The problem it solves: in large organisations, the same feature (e.g., "user's 30-day average spend") gets independently computed by multiple teams, creating inconsistencies, duplicated work, and training-serving skew. A feature store ensures that the feature computed during training is identical to the feature served at inference.
Core capabilities:
- Feature registry: a catalogue of all features, their definitions, ownership, and lineage.
- Offline store: historical feature values for model training (typically a columnar store like S3 + Parquet, or a data warehouse).
- Online store: low-latency feature retrieval for real-time inference (typically Redis, DynamoDB, or Cassandra).

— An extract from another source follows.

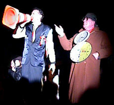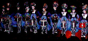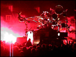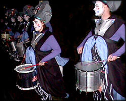 Les deux cliques de batteurs finissent par se rejoindre autour d'un camion balancier pour une déambulation peuplées d'apparitions de violonistes... |
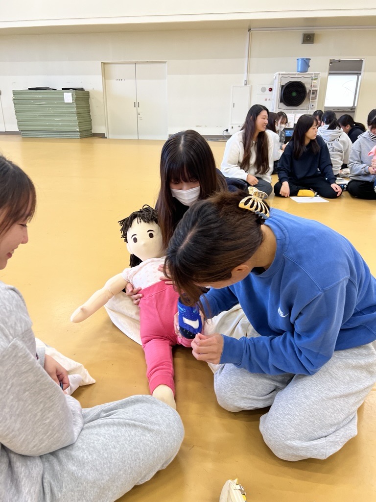 加えて、1・2歳児の衣服の着脱を援助する方法について、赤ちゃん人形を使いながら実践的に学びました。

- Point-in-time correct joins: when training, retrieve the exact feature value that would have been available at the time of each training label — avoids future leakage in historical data.
# Example using Feast (open-source feature store)
from feast import FeatureStore
store = FeatureStore(repo_path=".")
# Offline retrieval for training
training_df = store.get_historical_features(
entity_df=entity_df,
features=["user_stats:avg_spend_30d", "user_stats:n_orders_7d"]
).to_df()
# Online retrieval for inference
feature_vector = store.get_online_features(
features=["user_stats:avg_spend_30d"],
entity_rows=[{"user_id": "user_123"}]
).to_dict()
Feature stores matter when: multiple models share features, real-time serving is required, maintaining consistency between training and serving is critical, or you need auditing and lineage tracking for regulatory compliance.